Do people use reddit more when it’s shitty out. Can we show this analytically? Are there some very active users who are likely to stop redditing when it’s really nice out? Can we identify homebodies (people who’s redditing behavior is affected very little by how nice the weather is)?

Potential Methodology

1: Aggregate reddit usage BY DAY for r/dc. Might not have enough data to do something meaningful here with just r/dc, but we can try. Consider determining average usage for each user by day of week and normalizing relative to that mean. Then derive an average based on available users (otherwise we’ll always see more usage later in the dataset since there will be more users). Consider limiting dataset to users who have commented within a certain threshold time frame towards the end of the dataset to ensure we don’t grab any “dead” users.

2: download wunderground data for the appropriate time series. Try to draw predictions based on precipitation, temperature, etc.

One option: work backwards. Identify days during which it rained all day, during the afternoon only, etc (not just any day it rained). See how these buckets affect the analysis.

Getting Pandas

No, I didn’t go to the store and buy a panda. In fact, the national zoo here in DC lost a panda fairly recently 😦

The title of this post is meant to contrast my last posts frustration: I’m starting to get the whole pandas thing.

When I last played with my reddit data, I produced an interesting graphic that showed the reddit activity of DC area redditors. In my analysis, I treated the data as though it were descriptive of the redditors as individuals, as though it were an average of each individual’s usage pattern, but really it was aggregate data. I’m interested in trying to characterize different “kinds” of redditors from their usage patterns, and hope to also build a classifier that can predict a user’s timezone. The obvious next step in my analysis was to get more granular and work with the individual users. As I mentioned in my last post I’m challenging myself to do this analysis in python.

My dataset resides in a SQLite database. I have extensive experience with SQL at work, where I basically live in an oracle database, but I’m lucky in that I can do most of my analysis directly in the database. I’m still getting the hang of how applications I program should interface with the database. So, like any noob, I started out by making a pretty stupid, obvious mistake. Let me show you what my code looked like when I started this analysis:

"""
NB: This code is for sample purposes only and represents
what NOT to do. The better solution is posted directly below.

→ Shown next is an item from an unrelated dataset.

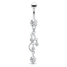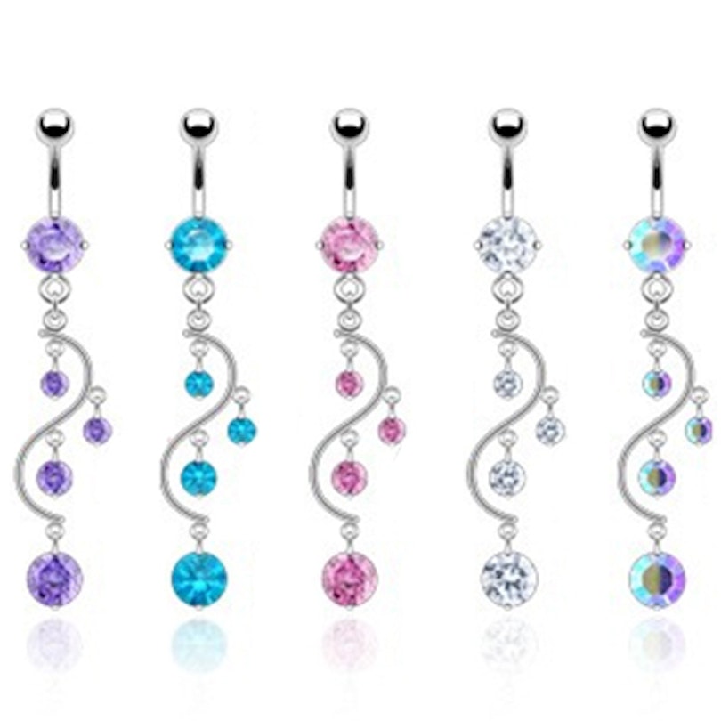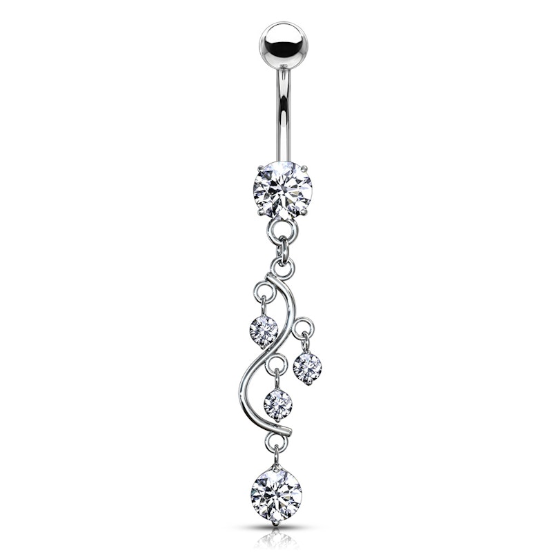 Nabas pīrsings ar s formas piekariņu un kristāliem
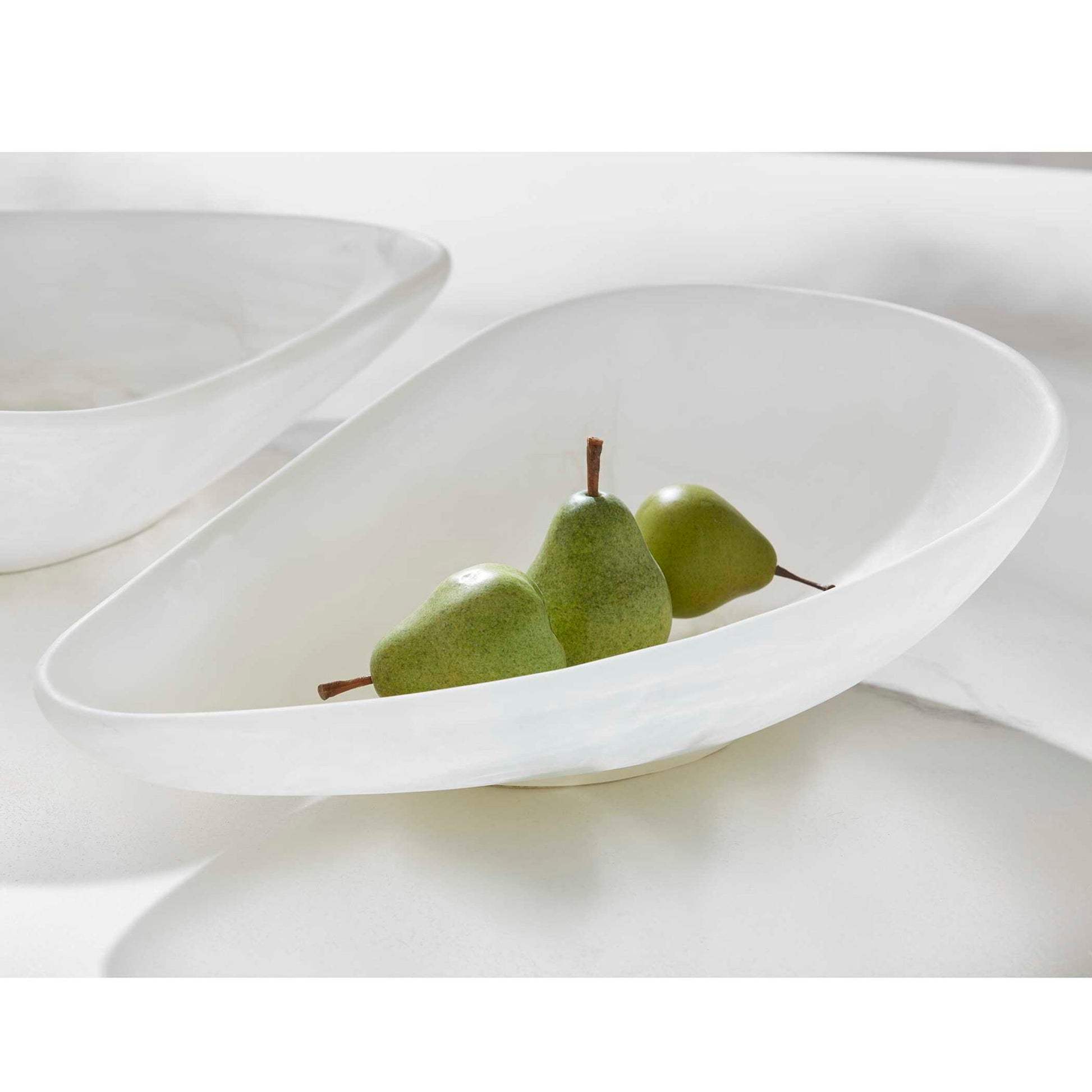 The Beauty Of The Marchena Bowl Is Its Organic Shape And Marbleized Finish. The Swirl Finish Consists Of Whites And Clear All Organically Swirled Together. Due To The Handcrafted Nature Of This Piece Each Item Will Vary.

Many of my posts describe good code in the context of bad code:
if you're going to cut and paste from anything I post here, please
make sure to read the whole post to make sure you aren't using the
bad solution to your problem.
"""
import database as db
from datamodel import *
import sqlalchemy as sa

s = db.Session()

def get_users(min_comments=900):
    usertuples = s.query(Comment.author) \
    .group_by(Comment.author) \
    .having(sa.func.count(Comment.comment_id)>min_comments) \
    .all()
    usernames = []
    for u in usertuples:
        usernames.append(u[0])
    return usernames

def get_comment_activity(username):
    """
    Gets comments from database, develops a "profile" for the user by
    summarizing their % activity for each hour in a 24 horus clock.
    Could make this more robust by summarizing each day separately
    """
    comments = s.query(Comment.created_utc)\
            .filter(Comment.author == username)\
            .all()
    timestamps = []
    for c in comments:
        timestamps.append(c[0])
    return timestamps

def profile_user_hourly_activity(data):
    """
    Returns profile as a total count of activity.
    Should ultimately normalize this by dividing by total user's activity
    to get percentages. Will need to do that with numpy or some other
    numeric library.
    """
    pivot = {}
    for d in data:
        timestamp = time.gmtime(d)
        t = timestamp.tm_hour
        pivot[t] = pivot.get(t,0) +1
    return pivot

users = get_users()
profiles = {}
times = []
for user in users:
    comments = get_comment_activity(user)
    profiles[user] = profile_user_hourly_activity(comments)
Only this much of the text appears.